Joseph Krajcik serves as director of the CREATE for STEM Institute and is the Lappan-Phillips Professor of Science Education at Michigan State University. In his role as director of CREATE, he works with faculty, teachers and researchers to improve the teaching and learning of science, mathematics and engineering kindergarten through college by engaging in innovation and research. Throughout his career, Joe has focused on working with science teachers to design and test learning environments to reform science teaching practices and to research student learning and engagement in project-based learning environments. He has authored and co-authored books, over 100 manuscripts and curriculum materials. Joe served as president of the National Association for Research in Science Teaching from which he received the Distinguished Contributions to Science Education Through Research Award in 2010. In 2014 he received from Michigan Science Teachers’ Association the George G. Mallinson Award for overall excellence of contributions to science education. He was honored to receive a Distinguished Professorship from Ewha Woman’s University in Seoul, South Korea in 2009, Guest Professorships from Beijing Normal University in Beijing, China in 2002 and 2018, and the Weston Visiting Professor of Science Education from Weizmann Institute of Science, Israel in 2005. He spent 21 years at the University of Michigan before coming to MSU in 2011. Joe received his Ph.D. in Science Education from the University of Iowa in 1986.
Tang Wee TEO
Tang Wee TEO is an Associate Professor in the Natural Sciences and Science Education (Academic Group) in the National Institute of Education.
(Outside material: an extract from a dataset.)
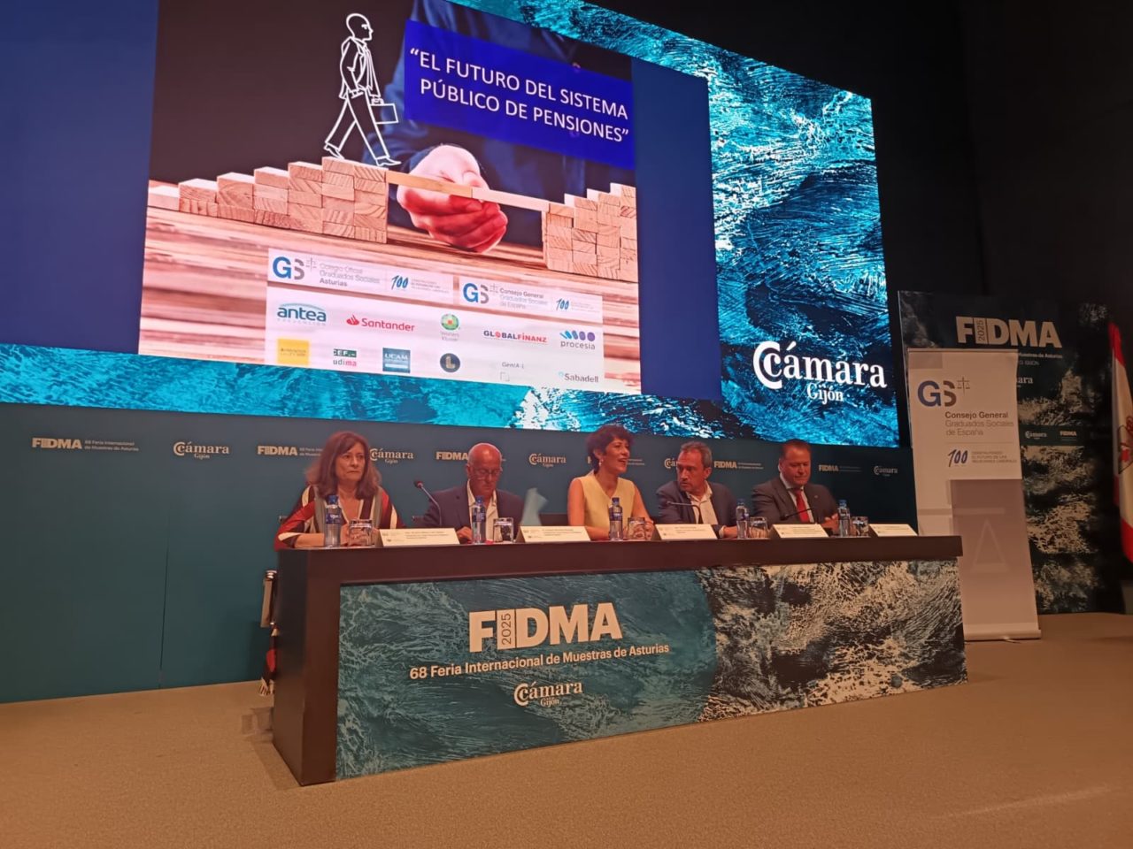 En agosto de 1925 «nacieron las escuelas sociales bajo el mando Ministerio del Trabajo, formando a los primeros graduados sociales», recordó esta mañana Beatriz María Coto, presidenta del Colegio Oficial de Graduados Sociales de Asturias, en el comienzo del acto conmemorativo del centenario de creación de la profesión celebrado en el marco de la Feria Internacional de Muestras de Asturias (FIDMA), que por primera vez contaba con un Día del Graduado Social. Un evento bajo el nombre ‘El futuro del sistema público de pensiones’ que estuvo presidido por la ministra de Inclusión, Seguridad Social y Migraciones, Elma Saiz, que llegó a primera hora de la mañana al recinto ferial.

She is also the Co-Head of the Multi-centric Education, Research and Industry STEM Centre. Tang Wee TEO is a social equity scholar in science education. She applies a critical lens to examine diverse equity issues in science education that affect learners (e.g., science learners with special education needs, lower track students, children aged 6-8, and international students) who are underrepresented in the local and international literature. She has more than a decade of teaching and research experience in STEM teaching and learning, specifically, critical studies of STEM education. Her current work focuses on special education needs science learners and lower track science students. As a trained chemist and chemistry education professor, she also actively publishes in chemistry education journals.